García-Sánchez et al. 25 discussed that attention abilities had a widespread influence, both as the only impacted domain (19% of single-domain impairment) and in combination with lowered performance in organizational processes, learning, and long-term memory. These prominent executive and attentional impairments were essentially independent of clinical elements like hospitalization, the severity of the illness, biomarkers, or emotional assessments.
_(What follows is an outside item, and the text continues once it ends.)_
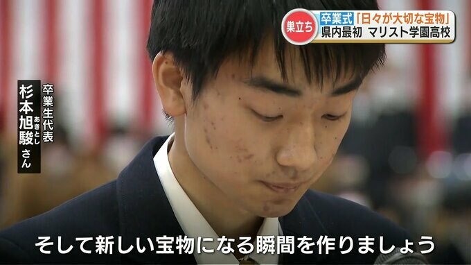 卒業生代表 杉本旭駿さん「みんなと一緒に過ごした日々を大切な宝物として、胸に収め、一歩を踏み出します。また必ず会いましょう。そして新しい宝物になる瞬間を作りましょう」

For the first time, Benedetti et al. 4 , explored the post-acute COVID-19 syndrome, inflammatory markers during acute COVID, brain regional GM volumes, DTI assessments of WM microstructure, and resting-state functional connectivity. The significant findings are that post-traumatic symptoms and decreasing GM volumes in the ACC and bilateral insular cortex correlate with WM microstructure and that depressed psychopathology correlates with decreasing GM volumes in the ACC. Moreover, resting-state FC was linked to inflammation and psychopathology, supporting the idea that the structural effect impacts brain function. Tarsitani et al. 6 saw concerningly high rates of PTSD and subthreshold PTSD in hospitalized COVID-19 patients. The proven risk factors for PTSD include female sex and pre-existing mental illnesses. After patients are discharged from the hospital, clinicians treating COVID-19 patients should think about checking for PTSD during follow-up examinations. Besides, Ahmed et al. 5 examined and found that 19.2% of COVID patients had memory difficulties in the study. He also discovered that steroids and antibiotics were linked to memory impairment among the treatment modalities, according to individual predictor analyses. According to multiple logistic regression, those who recovered from COVID-19 within six to twelve months were more likely to suffer memory problems. Although there was no correlation between age, sex, oxygen demand, or hospitalization and memory problems, rural inhabitants had more serious memory complaints than urban residents.

Moreover, Sher 26 found that psychiatric, neurological, and physical disease symptoms are likely to exacerbate suicidal ideation and behavior in this patient population, as are brain inflammation and post-COVID syndrome symptoms. Without post-COVID syndrome, COVID-19 survivors may potentially have a higher risk of suicide. More proof is identified by Pistarini et al. 27 described patients with cognitive abnormalities who were treated in COVID and post-COVID functional rehabilitation programs. According to the MoCA examination, specifically, 75% of COVID patients and 70% of post-COVID patients showed cognitive abnormalities. These findings demonstrate the severity and protracted nature of the neurological and mental effects that can result from COVID-19 infection.

To sum up, no review study explicitly focused on exploring all possible health issues or factors in post-COVID-19 patients. Moreover, limited research has been conducted to evaluate the impact of the factors after COVID-19 recovery. Whether or not any relationship exists among these health factors has fallen into the research gap. Besides, the application of ML models to detect post-COVID-19 issues needs to be explored in the research area.

Here, we have listed the main contribution of the research:

Explore health complications related to post-COVID-19 by identifying 17 significant Physiological and Neurological health factors.

Examine the independent influence of each factor and their interconnections rigorously.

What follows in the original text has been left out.